Material for this task:
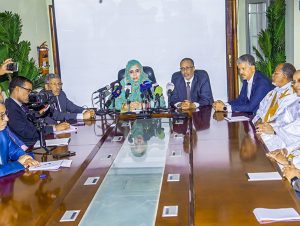 وأوضحت معالي الوزيرة، في تصريح أدلت به عقب اجتماع عقدته مساء اليوم الخميس مع رئيس الاتحاد الوطني لأرباب العمل الموريتانيين والفاعلين الاقتصاديين والصناعيين، بمقر وزارة التجارة والسياحة، أن الدولة تتابع عن كثب مختلف التطورات، داخليا ودوليا، لا سيما ما يتصل بحياة المواطنين، مع جاهزية تامة لاتخاذ ما يلزم من قرارات لضمان حمايتهم وتوفير ظروف عيش كريمة لهم.
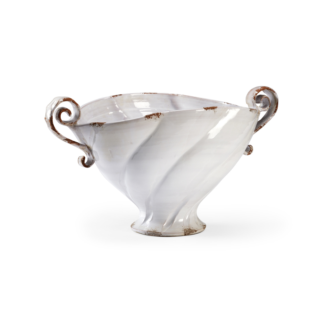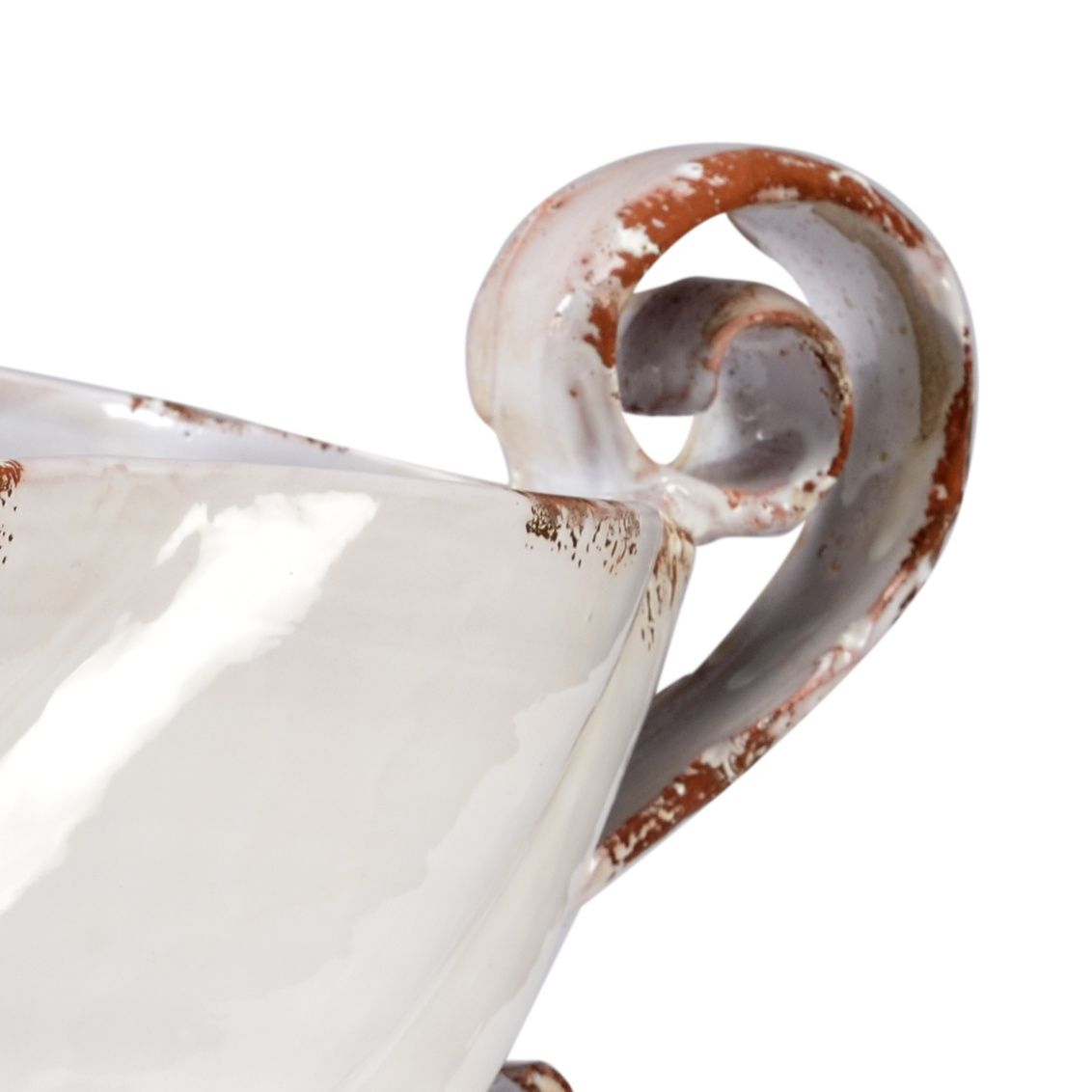 Tuscan inspired ceramic bowl with handles in an hand finished antique white distressed finish.
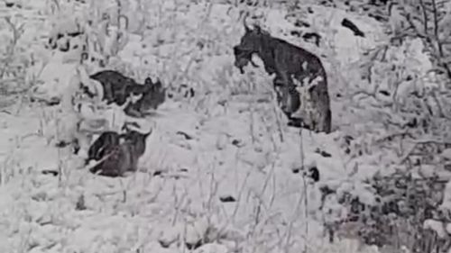 Elazığ’ın Karakoçan ilçesi Balcalı köyünde anne vaşak ve 2 yavrusu, avladıkları kekliği yerken Kenan Çavundur tarafından cep telefonuyla görüntülendi.
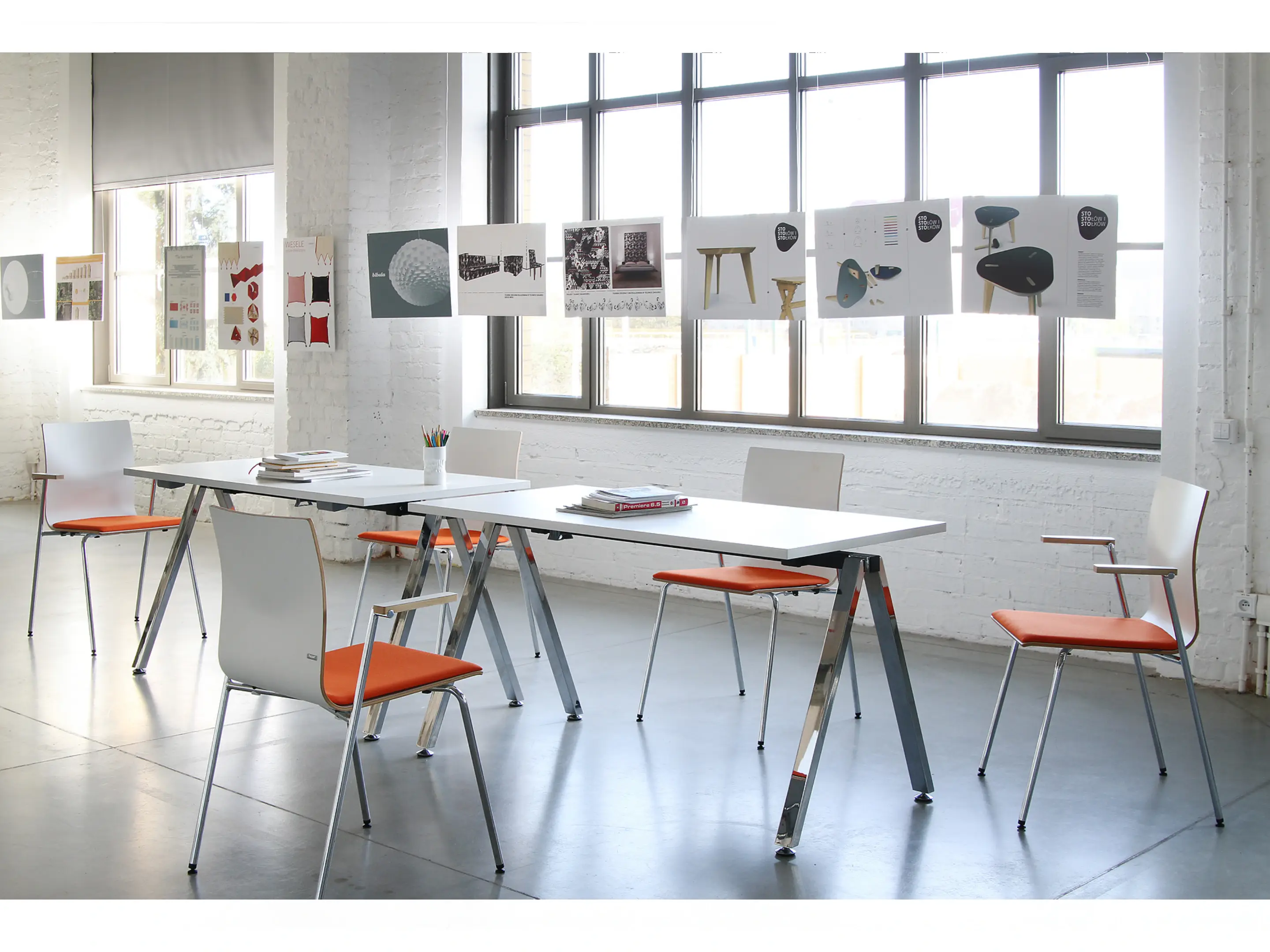 Stoel met volledig gestoffeerde kuip met horizontaal stiksel, 4-poots frame, exclusief armleggers. Stapelbaar tot 3 stuks.
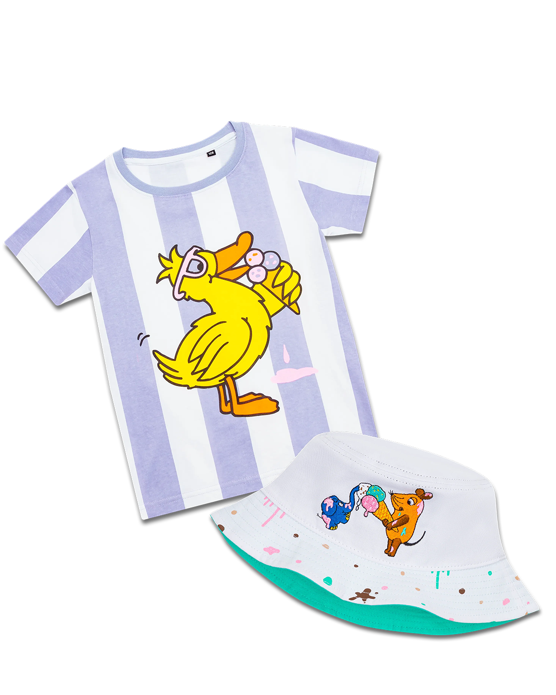 Sommer, Sonne, Eis – Ente Ice Cream T-Shirt & Maus Bucket Hat im fröhlichen Set.
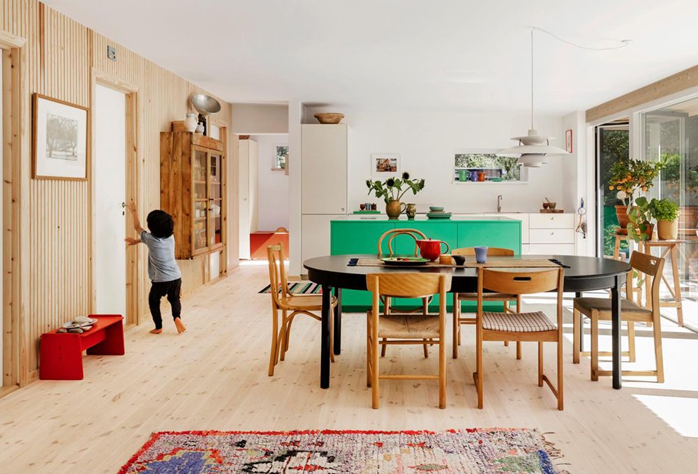 Il giardino d’inverno si presta bene a ospitare la cucina: sviluppa le basi sotto la superficie vetrata, prevedi un miscelatore pieghevole e un piano cottura con cappa integrata, in grado di aspirare in modo efficace il vapore sviluppato, o sposta i fuochi direttamente su un’isola centrale. Sospensione Primevère [Maison Sarah Lavoine]. Cucina [Cerutti Création]. Brocche e piatti [Casa Lopez].
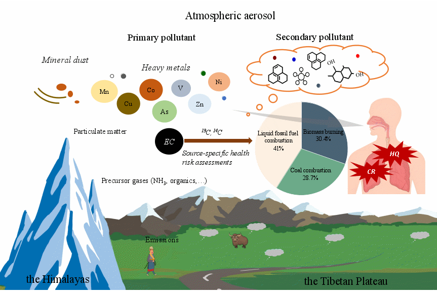 重金属(Heavy metals, HMs)与元素碳(Element carbon, EC)是大气颗粒物的重要组分,HMs主要来自于化石燃料燃烧、工业过程和沙尘暴等人为和自然源排放,EC主要来自于含碳物质的不完全燃烧。HMs和EC不仅影响区域空气质量和能见度,同时也具有重要的健康效应。青藏高原因其独特的地理单元影响着大气污染物的传输、转化和累积,加之毗邻东亚和南亚等大气污染物高排放区域,使其更易受到HMs与EC的影响,开展HMs和EC健康暴露风险评估,进一步探究该区域HMs和EC溯源健康效应具有重要意义。
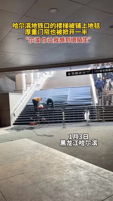 哈尔滨地铁口楼梯被铺上地毯,中央大街位置进入室内的厚重门帘也被掀开一半固定好,“尔滨,你让我感...
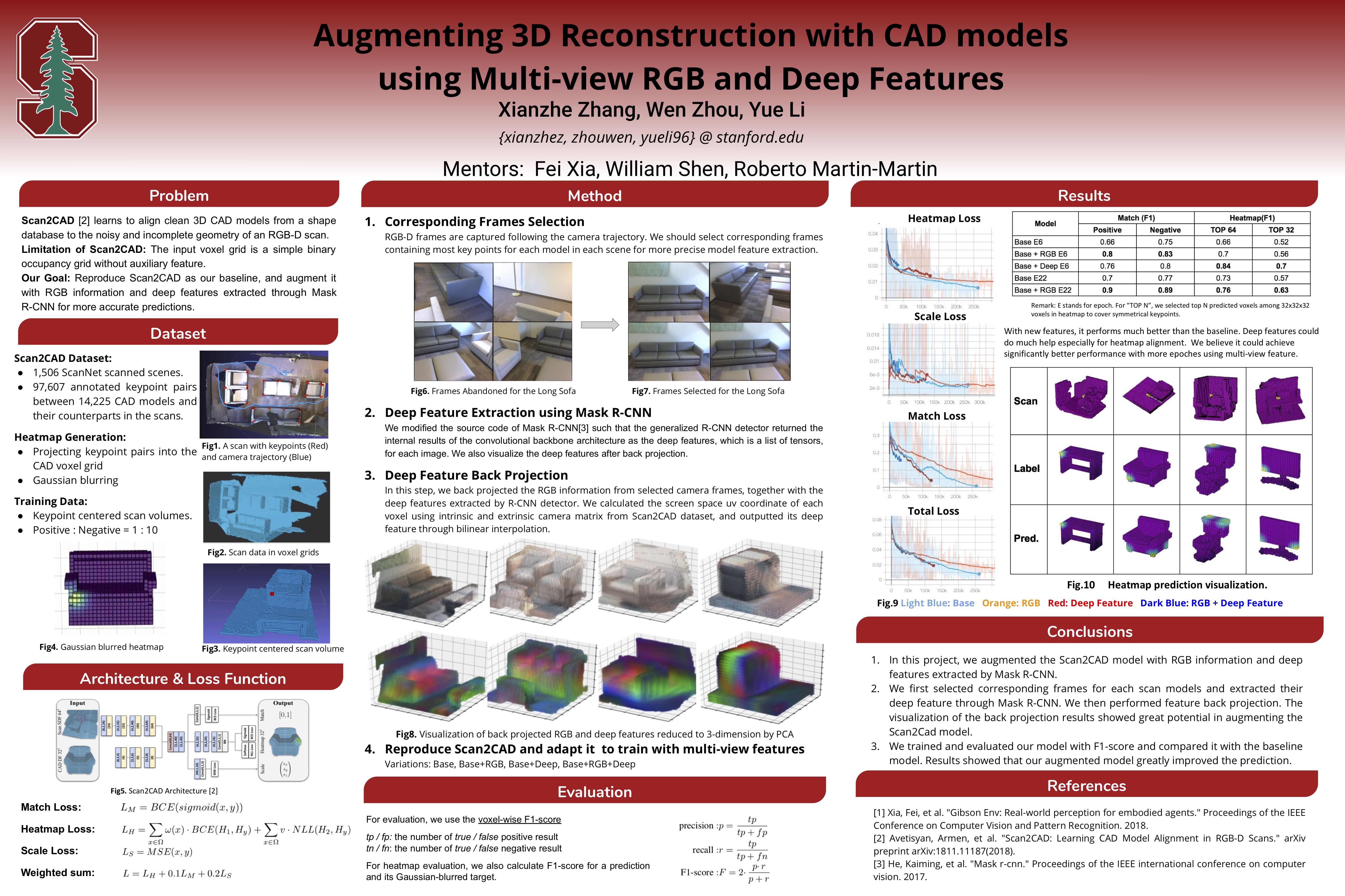 Reproduced Scan2CAD as our baseline, which learns to align 3D CAD models from a shape database to an RGB-D scan. Augmented it with multi-view RGB information and deep features extracted through Mask R-CNN.

Action item: Print an exact copy of the lines above, from the one containing "Stoel met volledig" through the one containing "Sommer, Sonne, Eis", and leave out the pictures.

Output:
 Stoel met volledig gestoffeerde kuip met horizontaal stiksel, 4-poots frame, exclusief armleggers. Stapelbaar tot 3 stuks.
 Sommer, Sonne, Eis – Ente Ice Cream T-Shirt & Maus Bucket Hat im fröhlichen Set.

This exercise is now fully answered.